What is expected -
In the records below, reproduce exactly the lines from the one containing "This well-maintained 4-bedroom, 3-bath" through the one containing "Freddy Adu and", both included, and omit the pictures.

Given data -
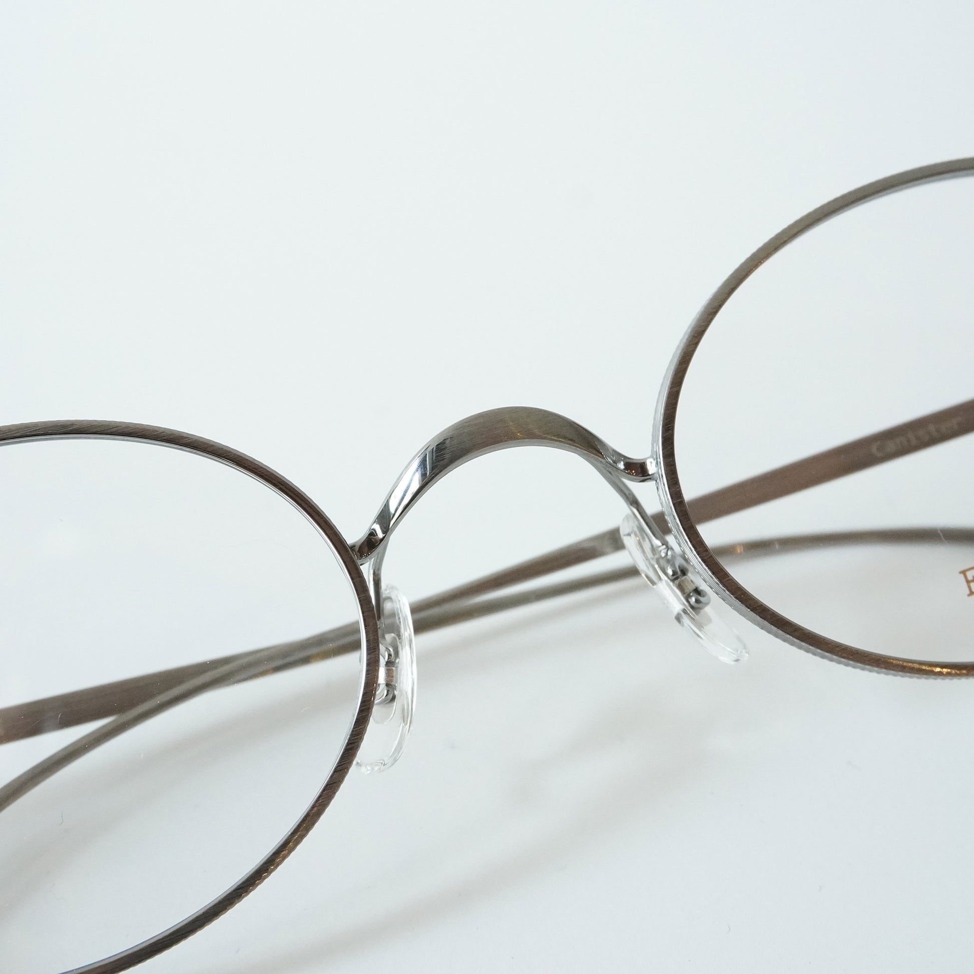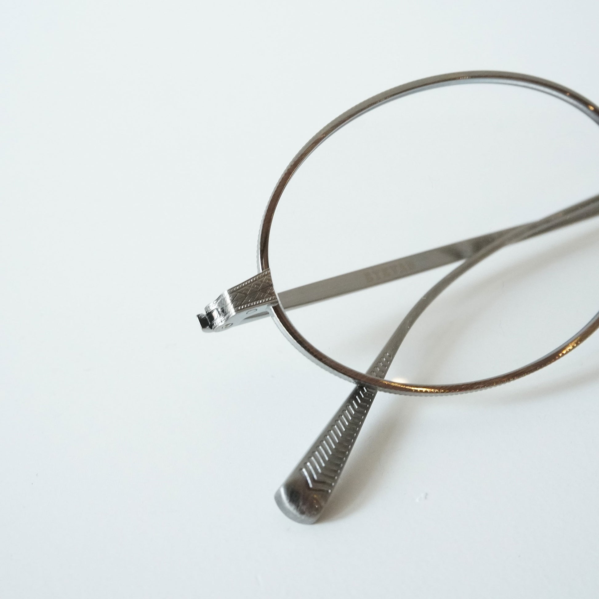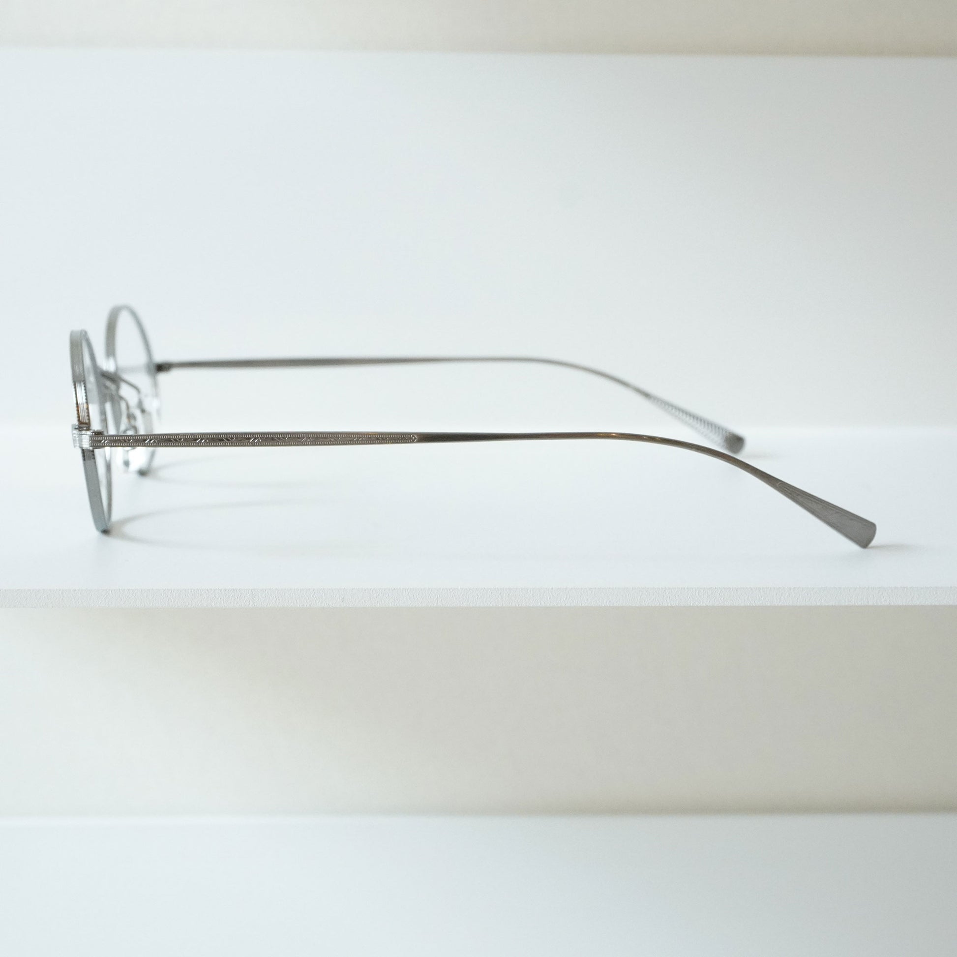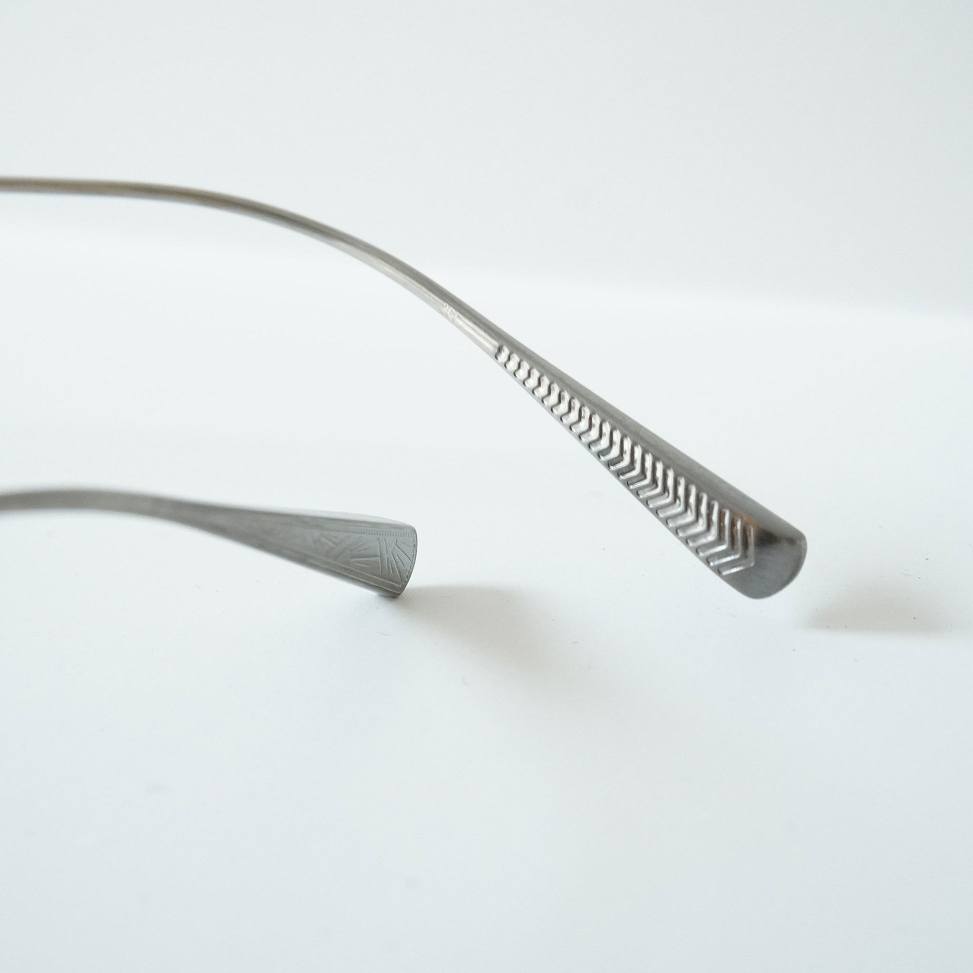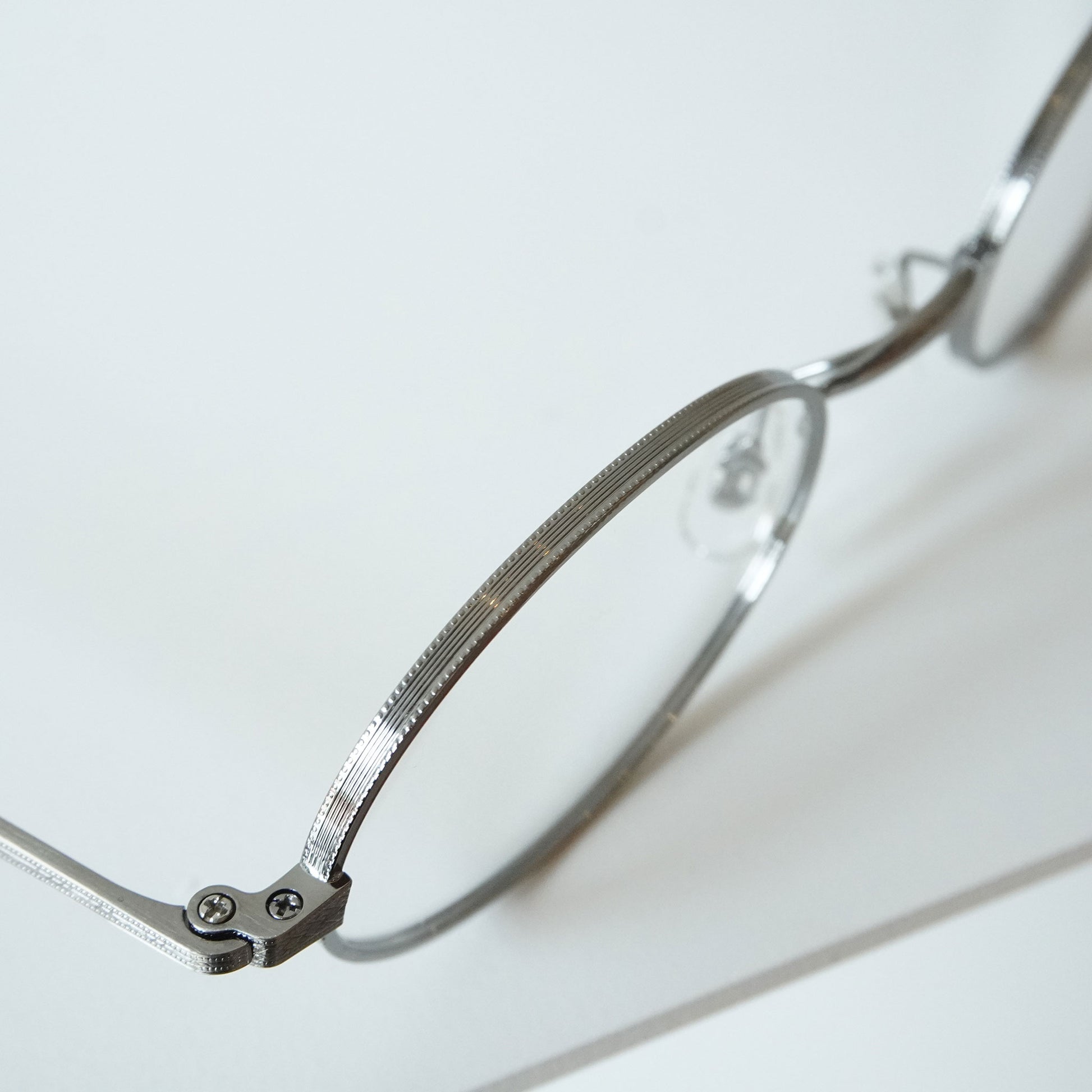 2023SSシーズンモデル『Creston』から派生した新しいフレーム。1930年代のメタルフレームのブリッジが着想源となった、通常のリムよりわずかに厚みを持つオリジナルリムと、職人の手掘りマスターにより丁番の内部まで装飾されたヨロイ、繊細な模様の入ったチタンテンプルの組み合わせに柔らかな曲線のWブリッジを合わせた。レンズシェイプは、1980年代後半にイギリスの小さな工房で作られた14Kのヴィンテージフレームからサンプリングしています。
==
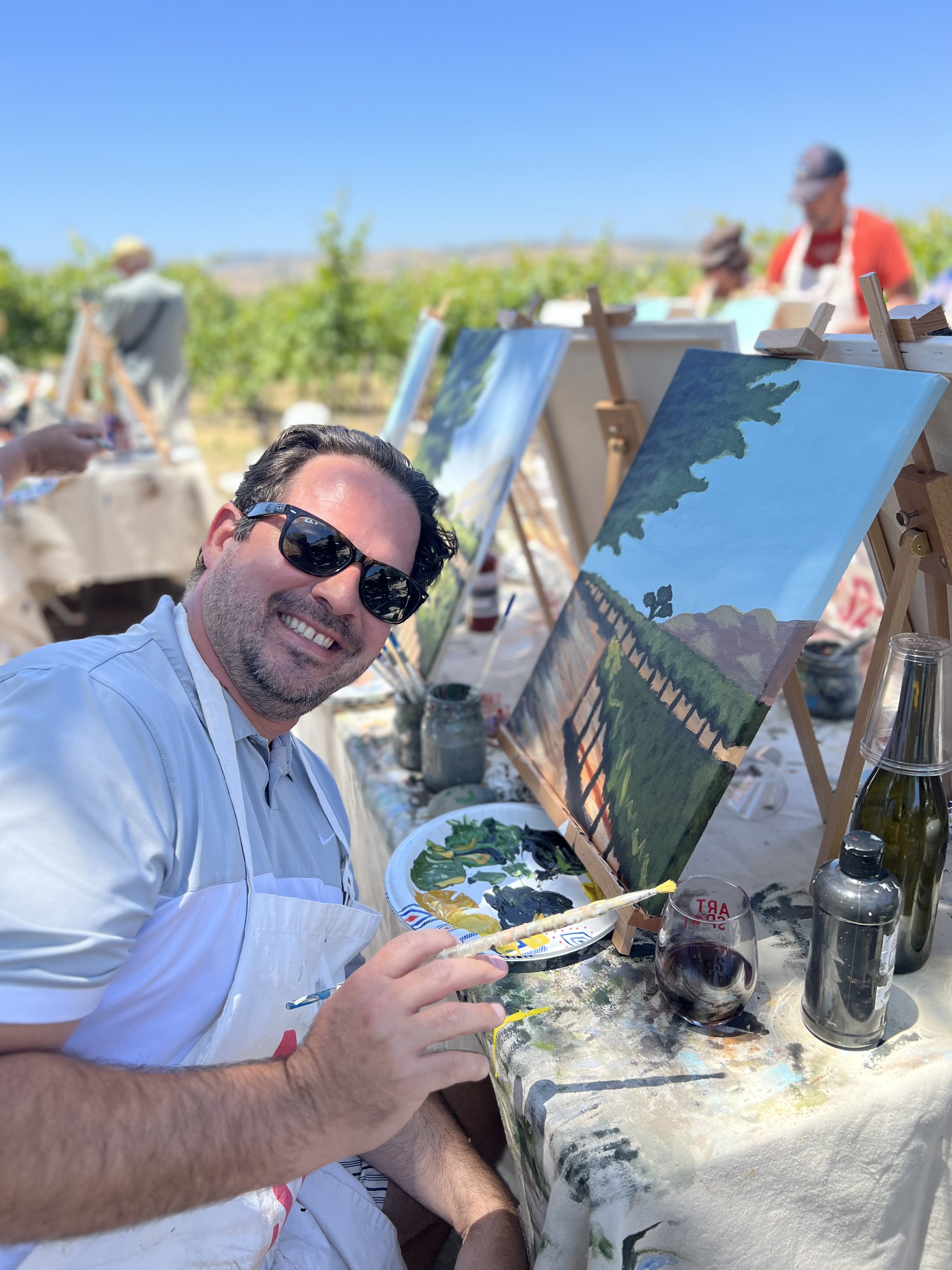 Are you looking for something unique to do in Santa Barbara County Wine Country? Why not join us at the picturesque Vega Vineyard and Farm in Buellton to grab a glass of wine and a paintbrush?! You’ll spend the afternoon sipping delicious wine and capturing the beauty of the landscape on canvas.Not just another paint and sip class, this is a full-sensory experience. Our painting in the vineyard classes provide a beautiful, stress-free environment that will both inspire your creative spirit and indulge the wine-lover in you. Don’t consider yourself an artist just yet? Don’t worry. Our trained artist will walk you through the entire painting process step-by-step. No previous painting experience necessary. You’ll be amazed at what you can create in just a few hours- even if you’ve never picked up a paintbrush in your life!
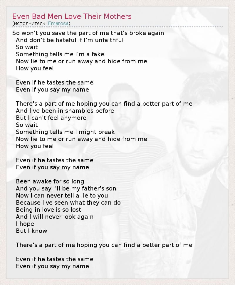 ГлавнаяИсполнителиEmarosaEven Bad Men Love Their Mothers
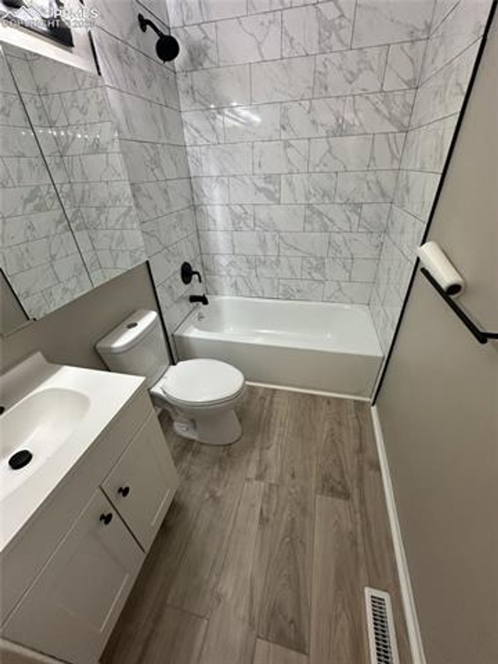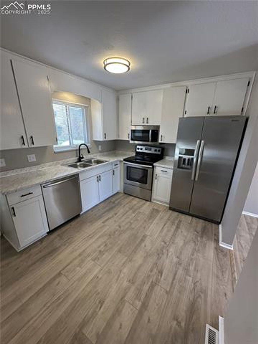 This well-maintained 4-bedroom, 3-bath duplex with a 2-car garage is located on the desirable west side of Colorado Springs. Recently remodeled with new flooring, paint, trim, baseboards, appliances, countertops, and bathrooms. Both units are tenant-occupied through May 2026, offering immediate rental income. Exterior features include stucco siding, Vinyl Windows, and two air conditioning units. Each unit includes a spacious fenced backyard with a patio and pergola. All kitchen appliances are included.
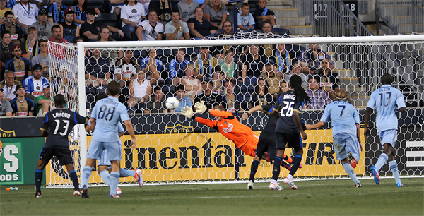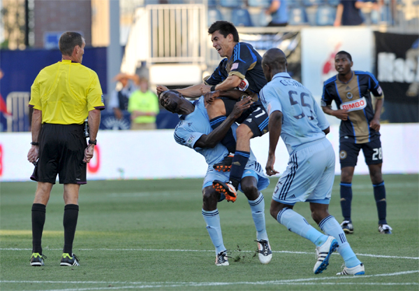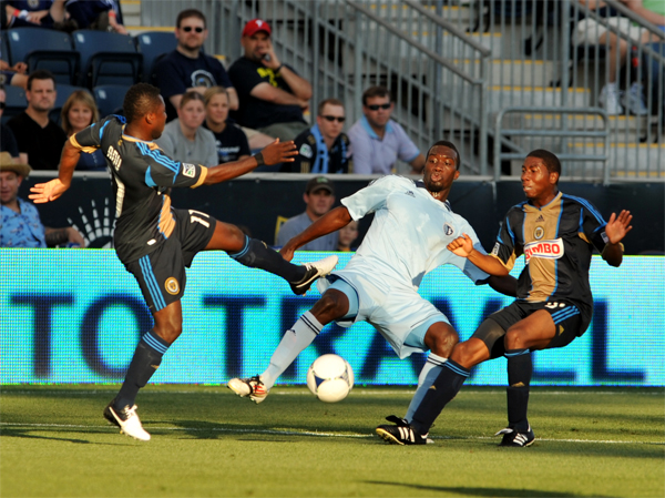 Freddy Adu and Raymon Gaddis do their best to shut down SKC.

Solution for this task -
 This well-maintained 4-bedroom, 3-bath duplex with a 2-car garage is located on the desirable west side of Colorado Springs. Recently remodeled with new flooring, paint, trim, baseboards, appliances, countertops, and bathrooms. Both units are tenant-occupied through May 2026, offering immediate rental income. Exterior features include stucco siding, Vinyl Windows, and two air conditioning units. Each unit includes a spacious fenced backyard with a patio and pergola. All kitchen appliances are included.
 Freddy Adu and Raymon Gaddis do their best to shut down SKC.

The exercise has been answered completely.